Managing business in the often divided and troubled Commons of the 1640s also required an unprecedented degree of planning and coordination, and on a scale and with a sophistication that was unrivalled before the 1670s. The dark arts of party-political manipulation worked best when they were least visible, so in an effort to cover their tracks in the Commons the grandees recruited in-House enforcers and influencers to help manage business on the floor of the chamber. By the mid-1640s a variety of informal party agents seem to have operated in the Commons, each with their own specialised role: there were ‘teazers’ and ‘sticklers’ to prompt and steer debate, ‘Beagles’ to nose out controversy, ‘dividers’ – either tellers or division-managers – and ‘vote-drivers’ to marshal the party faithful during crucial divisions. Evidence suggestive of whipping by both parties can be detected in Commons’ divisions from the mid-1640s.

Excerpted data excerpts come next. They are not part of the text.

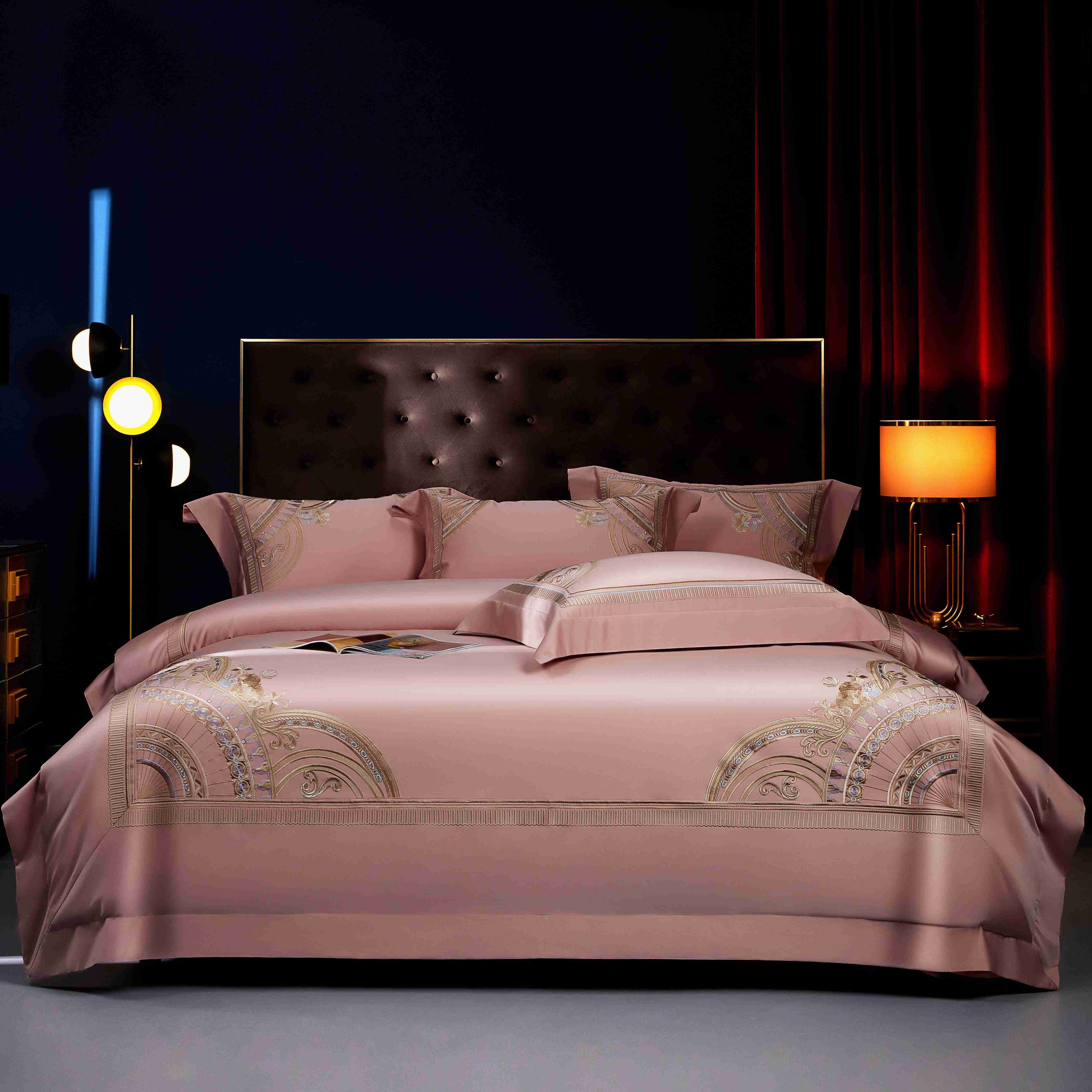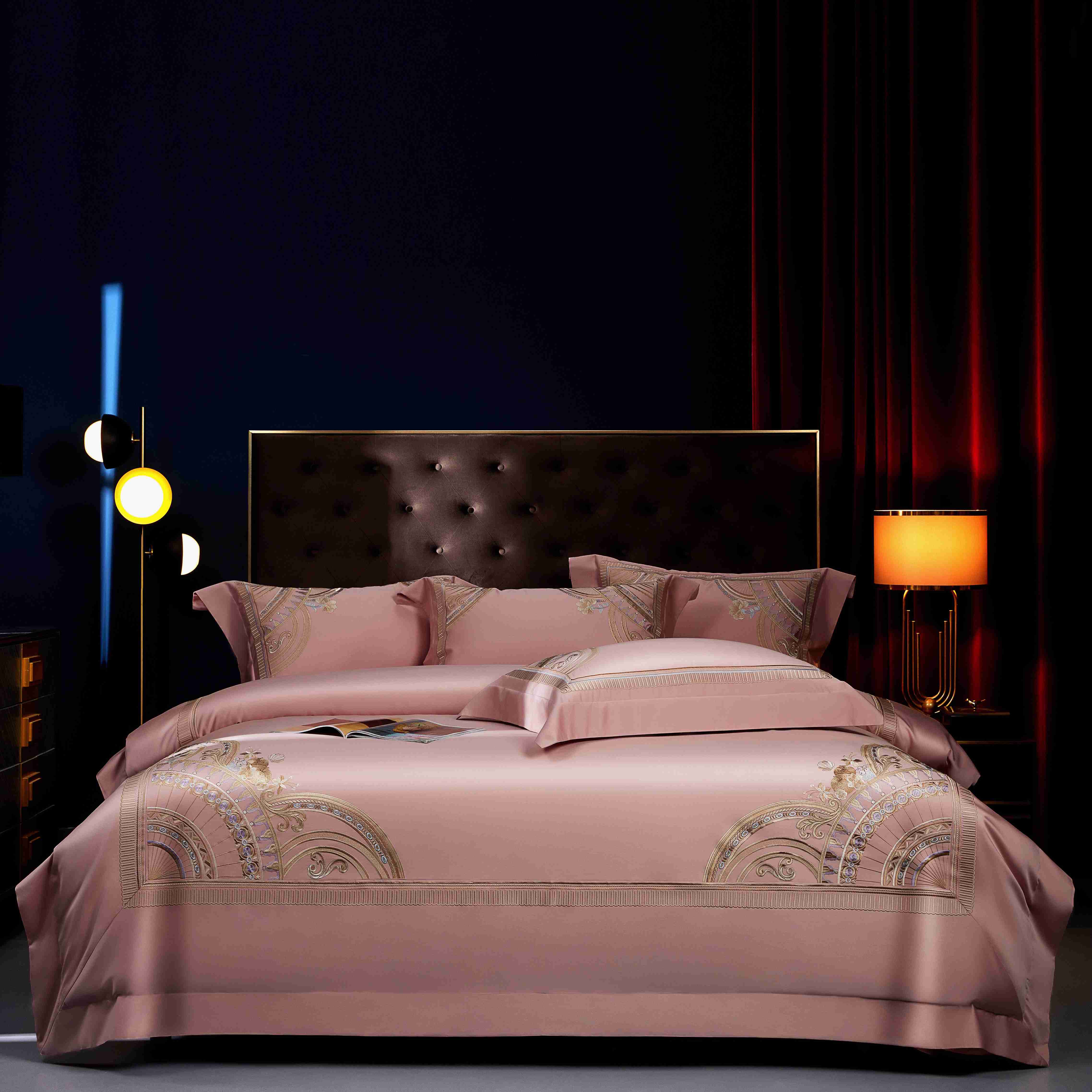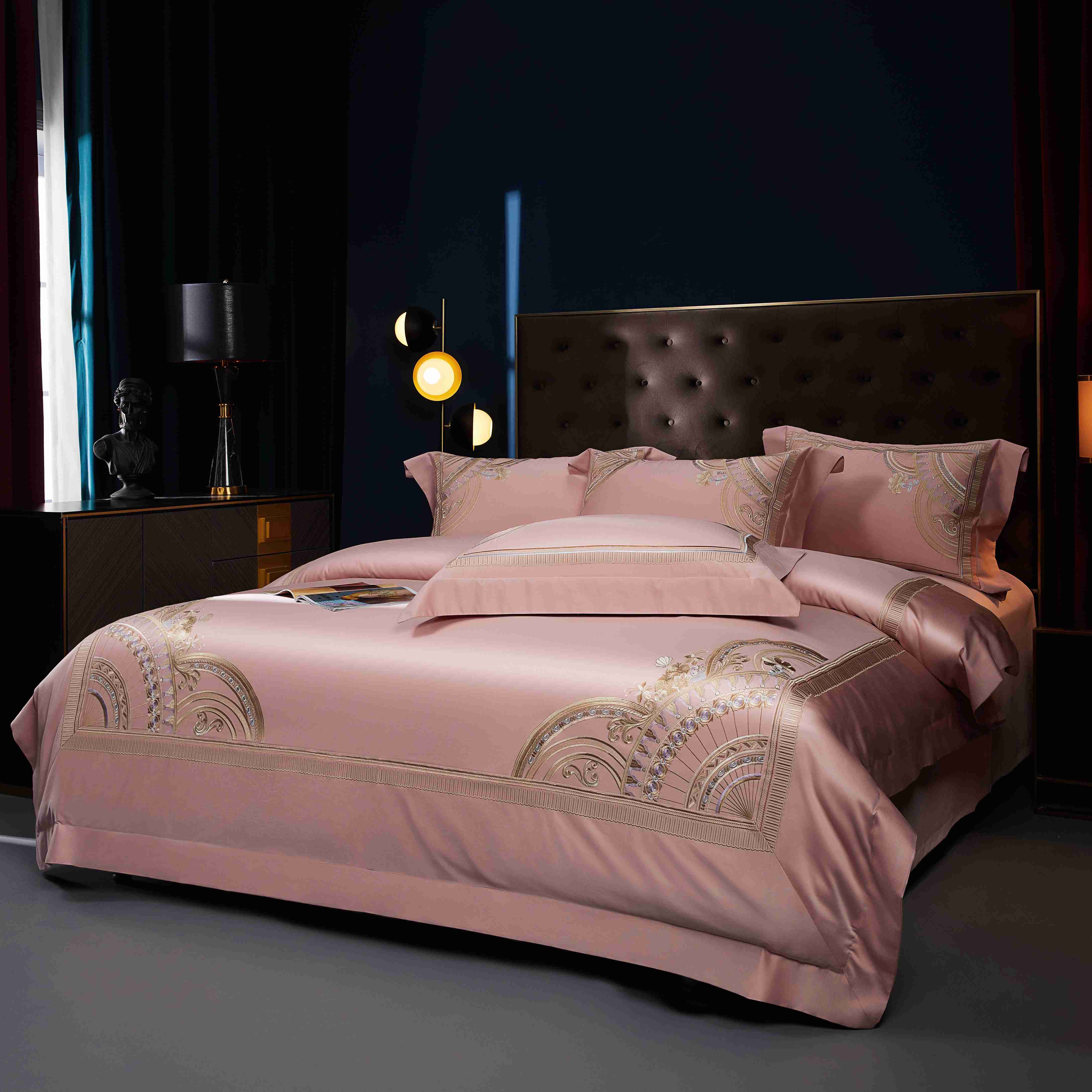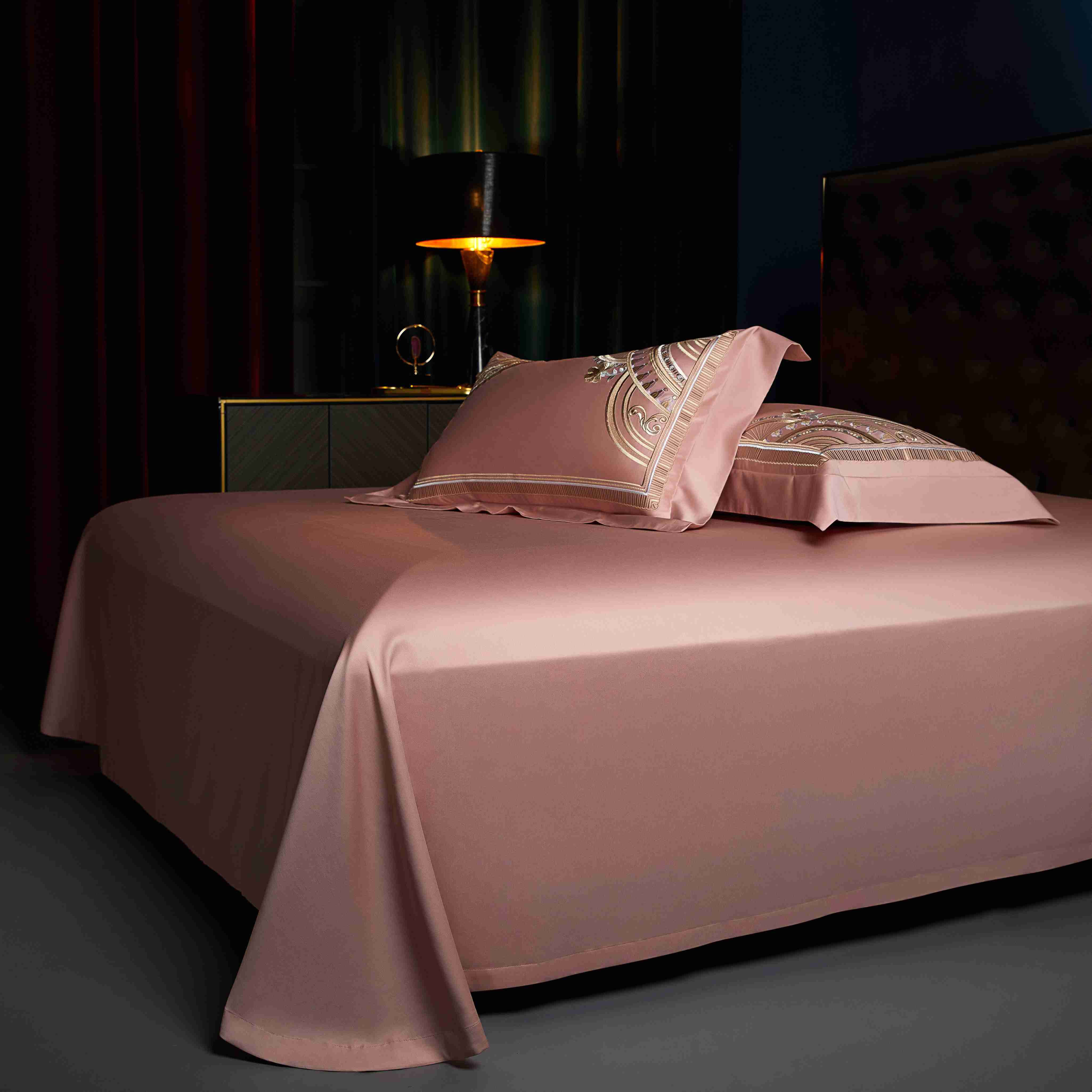 2025新款高端定织面料S140长绒棉精梳棉重磅刺绣四件套巴赫系列 巴赫 玉粉
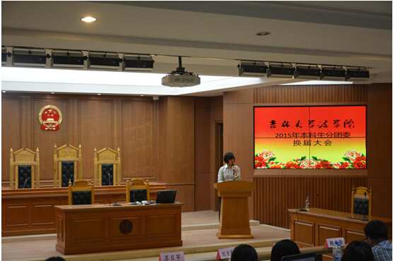2015年本科生分团委换届大会在三教五阶隆重举办。团委书记高岩老师出席会议,12级高昕同学主持会议,12级、13级以及14级有关人员与会。
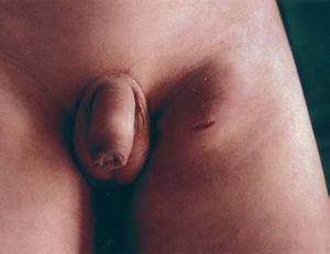 Figura 1. Tumoración inguinal izquierda. Herida incisa.
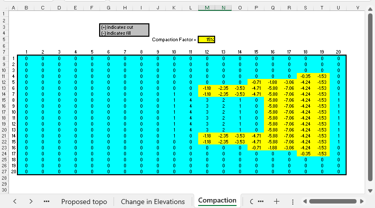 compaction. Once the change-in-elevations are computed, adjust the fill values
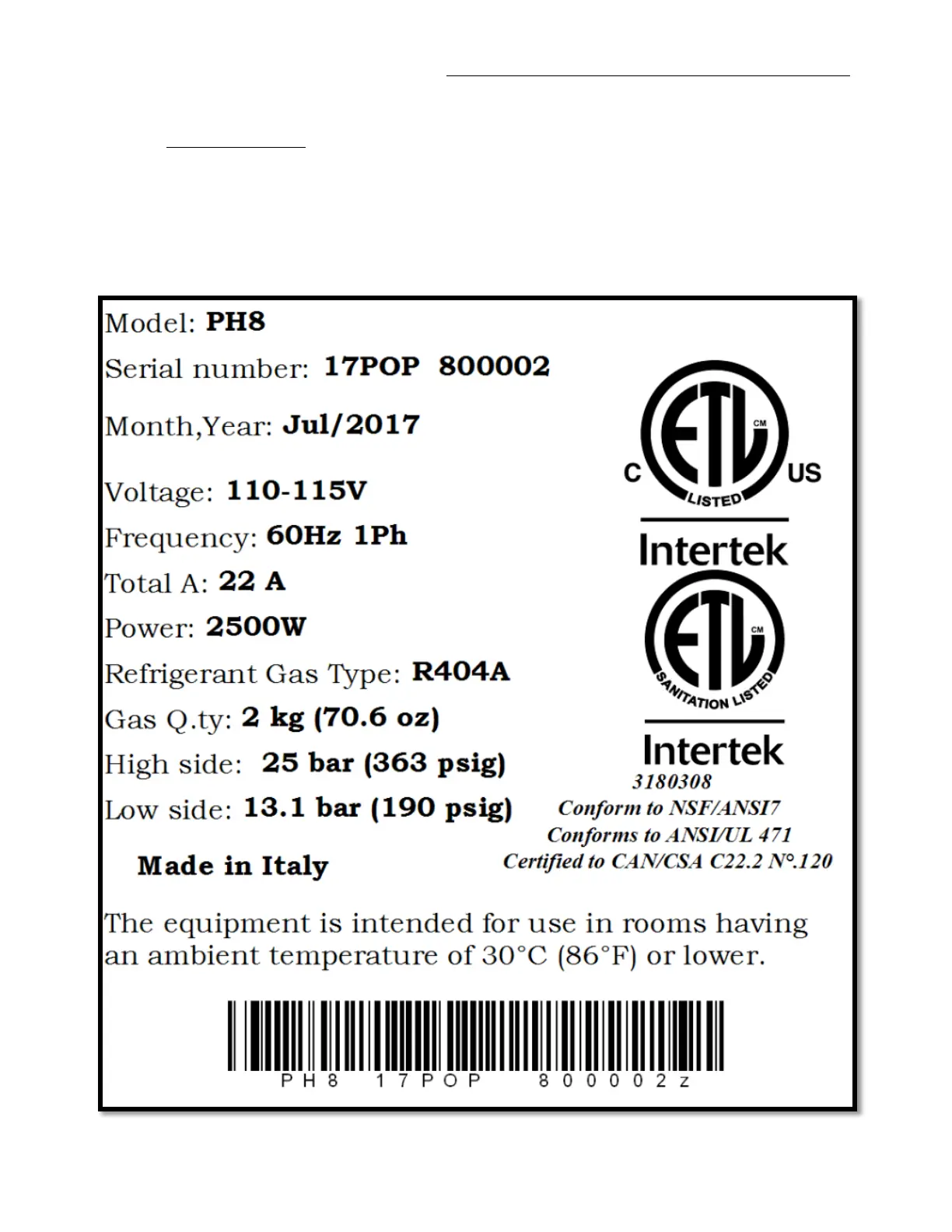 refrigeration data about the unit, such as the model, the serial number, year and month

An illustration of the inside of the House of Commons chamber. A man is sat in a large chair in the middle of the room, in front of him is table covered in a red table cloth and two man sat. There are men sat all around him in rows. There is a large window behind the chair with bright light coming through.
Illustration of the House of Commons Chamber 1640-60, 2022. (c)The History of Parliament Trust.

The party system that emerged at Westminster during the 1640s did not survive Charles I’s execution in 1649 and the establishment of a republican regime. Yet this narrowing of the political horizon could not hide the fact that something new had occurred in the practice of politics. Most significantly, perhaps, parties had become not merely political means but to some extent ends in themselves. Their existence had been tied not to the attainment of specific rewards or policies but to the maintenance of a particular way of government and to imposing and then sustaining a permanent shift in constitutional relations between Parliament and the crown and between England and the other Stuart kingdoms of Scotland and Ireland. The Independents and Presbyterians had been more than parties therefore, they had been governments-in-waiting; their rivalry had been that between competing organisations for the very future of England and its status within the British Isles.

The partisan politics born of the civil war would outlive all the purges from office and all the loyalty tests that Parliament introduced from the mid-1640s in an attempt to kill it. The clash of organised parties at Westminster ended in 1649, but the networks they had helped to create across the country survived and exacerbated the politicisation of local affairs in the aftermath of civil war. Pioneered at Westminster under the pressure of military events, the politics of majoritarian decision-making also spread to the provinces and gradually became standard practice in parliamentary elections and municipal government. A society that would long continue to define political disagreement as against the natural order was now awash with dissident groups. Political associations that had emerged from the civil war would harden again in the 1670s and 1680s. Once again, Parliament became the principal battleground in a struggle between organised parties that managed elections, mobilised public opinion, and contended for control of royal government. This time, however, unlike in the 1640s, the rage of party at Westminster would grip the entire nation – and it would never let go.

DS

Further reading:

William J. Bulman, The Rise of Majority Rule in Early Modern Britain and its Empire (CUP, 2021),

Paul D. Halliday, Dismembering the Body Politic: Partisan Politics in England’s Towns 1650-1730 (CUP, 1998)

Stephen K. Roberts (ed.), The House of Commons 1640-1660 (Boydell, 2023), volume 1

One thought on “The Civil War and the First Age of Party

  1. Excellent overview! One of lessons that stayed with me from Mark Kishlansky’s Rise of the New Model Army was that the Civil War period marked the demise of the old ideal and practice of consensus on the Houses of Parliament.